LiRa: A New Likelihood-Based Similarity Score for Collaborative Filtering
This work addresses a key challenge in collaborative filtering for recommender systems, offering potential improvements in accuracy and scalability, though it appears incremental as it builds on existing similarity evaluation methods.
The paper tackled the problem of evaluating similarity between users in recommender systems with high missing data rates by introducing LiRa, a likelihood-based similarity score, which was shown to be more effective than traditional methods like Pearson correlation in identifying similar users.

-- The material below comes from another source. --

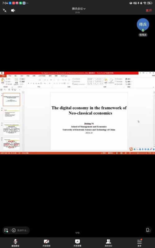 对倪得兵教授表示热烈的欢迎,并对倪得兵教授的教育背景、工作简历、研究方向及学术成果进行了介绍。随后,倪得兵教授围绕“新古典经济学框架下的数字经济”这一主题进行了分享与交流。倪得兵教授以一种研讨会的方式展开,从新古典经济学框架的回顾、数据来源、数据的产权划分、数据化带来的后果、数字经济是否适应新古典经济学的体系、拓展分析等多个层面进行了全面的分享。

Recommender system data presents unique challenges to the data mining, machine learning, and algorithms communities. The high missing data rate, in combination with the large scale and high dimensionality that is typical of recommender systems data, requires new tools and methods for efficient data analysis. Here, we address the challenge of evaluating similarity between two users in a recommender system, where for each user only a small set of ratings is available. We present a new similarity score, that we call LiRa, based on a statistical model of user similarity, for large-scale, discrete valued data with many missing values. We show that this score, based on a ratio of likelihoods, is more effective at identifying similar users than traditional similarity scores in user-based collaborative filtering, such as the Pearson correlation coefficient. We argue that our approach has significant potential to improve both accuracy and scalability in collaborative filtering.